[Opening Material provided section]

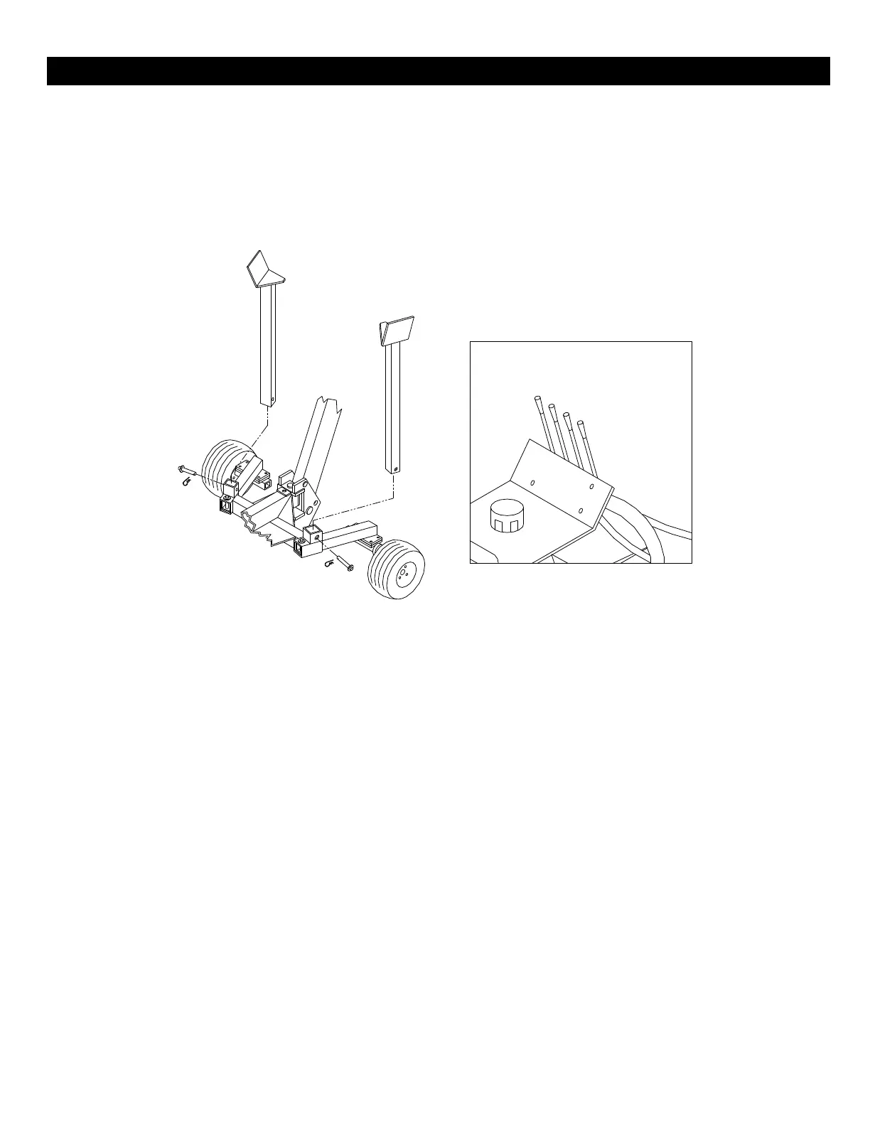 8.) Insert outriggers in the vertical brackets above the newly installed wheels. Lock the outriggers in the vertical position
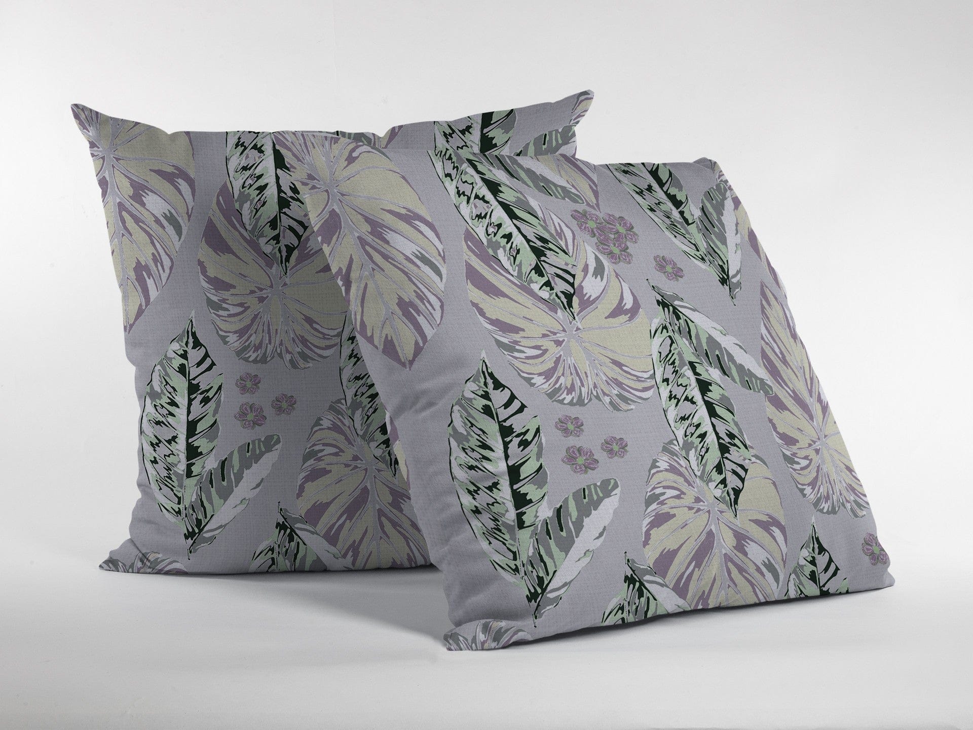 Combining the cool tones of the spectrum in stunning tropical artistry, this Blue Purple Tropical Leaf Zippered Suede Throw Pillow exudes a relaxing vibe to spruce up your living space. The soft gray base is heightened by the tropical leaf prints in subtle shades of muted purple, white, and black for an eye-soothing visual appeal. Draped in high-quality soft suede fabric for enhanced durability and a smooth finish with a lustrous sheen. The pillow comes with a neatly done zippered cover and includes a durable polyfill insert for a cushiony feel with a fluffy nature, making it an ideal accent for your indoor settings. If you want a sense of serenity into your place without introducing contrasting hues, this decorative throw pillow is just the perfect pick for you. 18” x 18” x 5”
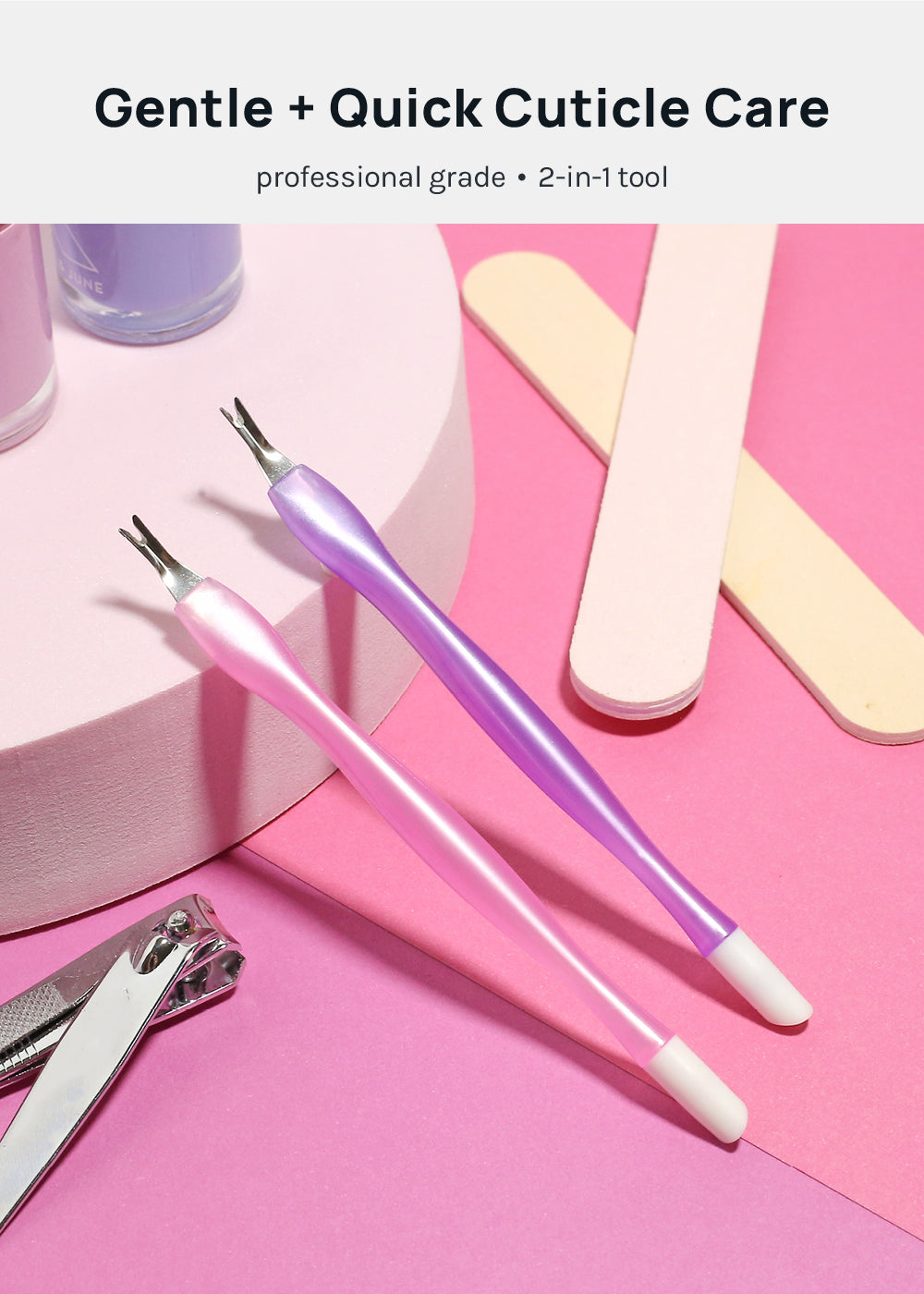 This professional grade 2-in-1 tool provides gentle + effective cuticle maintenance that won’t scratch nails.
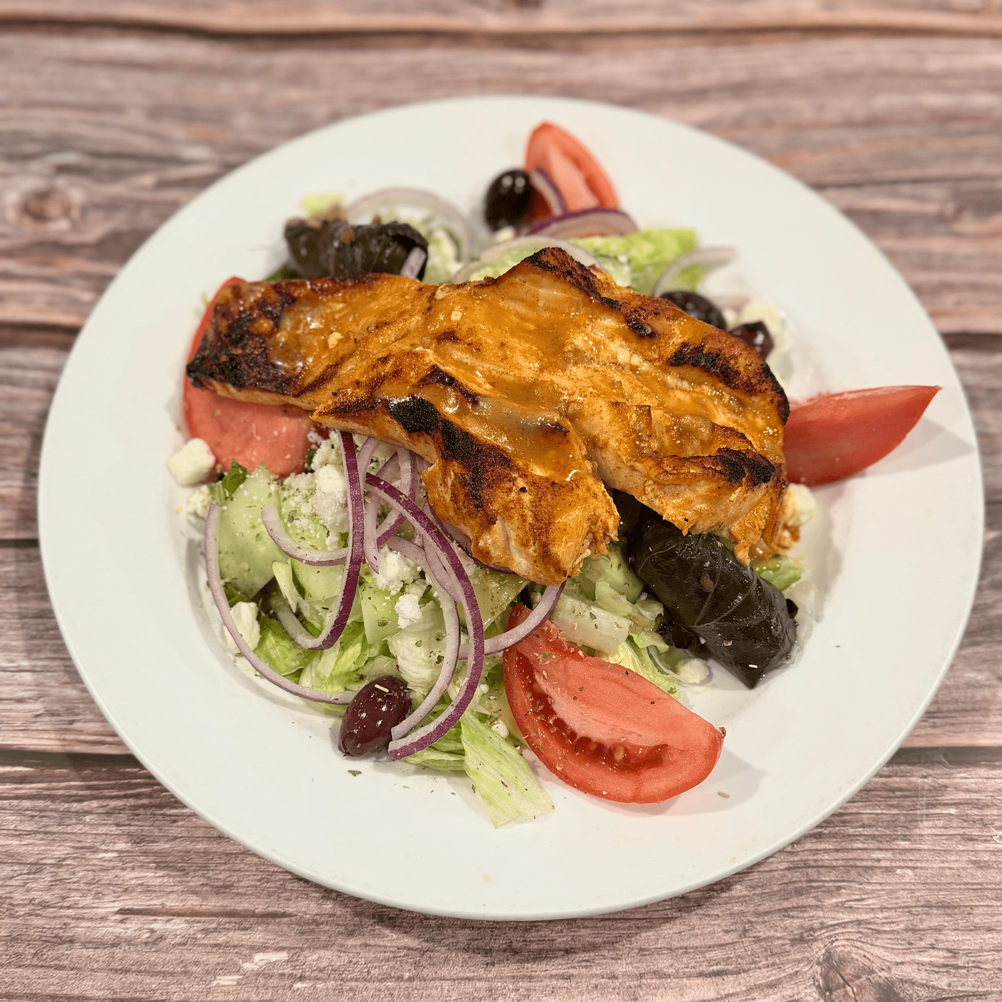 Crisp iceberg lettuce with tomatoes, cucumbers, olives, onions, feta cheese & stuffed grape leaves

[Closing Material provided section]

◆ Goal of the exercise
Return the material above in exact form. Pictures stay out.

◆ Task output
 8.) Insert outriggers in the vertical brackets above the newly installed wheels. Lock the outriggers in the vertical position
 Combining the cool tones of the spectrum in stunning tropical artistry, this Blue Purple Tropical Leaf Zippered Suede Throw Pillow exudes a relaxing vibe to spruce up your living space. The soft gray base is heightened by the tropical leaf prints in subtle shades of muted purple, white, and black for an eye-soothing visual appeal. Draped in high-quality soft suede fabric for enhanced durability and a smooth finish with a lustrous sheen. The pillow comes with a neatly done zippered cover and includes a durable polyfill insert for a cushiony feel with a fluffy nature, making it an ideal accent for your indoor settings. If you want a sense of serenity into your place without introducing contrasting hues, this decorative throw pillow is just the perfect pick for you. 18” x 18” x 5”
 This professional grade 2-in-1 tool provides gentle + effective cuticle maintenance that won’t scratch nails.
 Crisp iceberg lettuce with tomatoes, cucumbers, olives, onions, feta cheese & stuffed grape leaves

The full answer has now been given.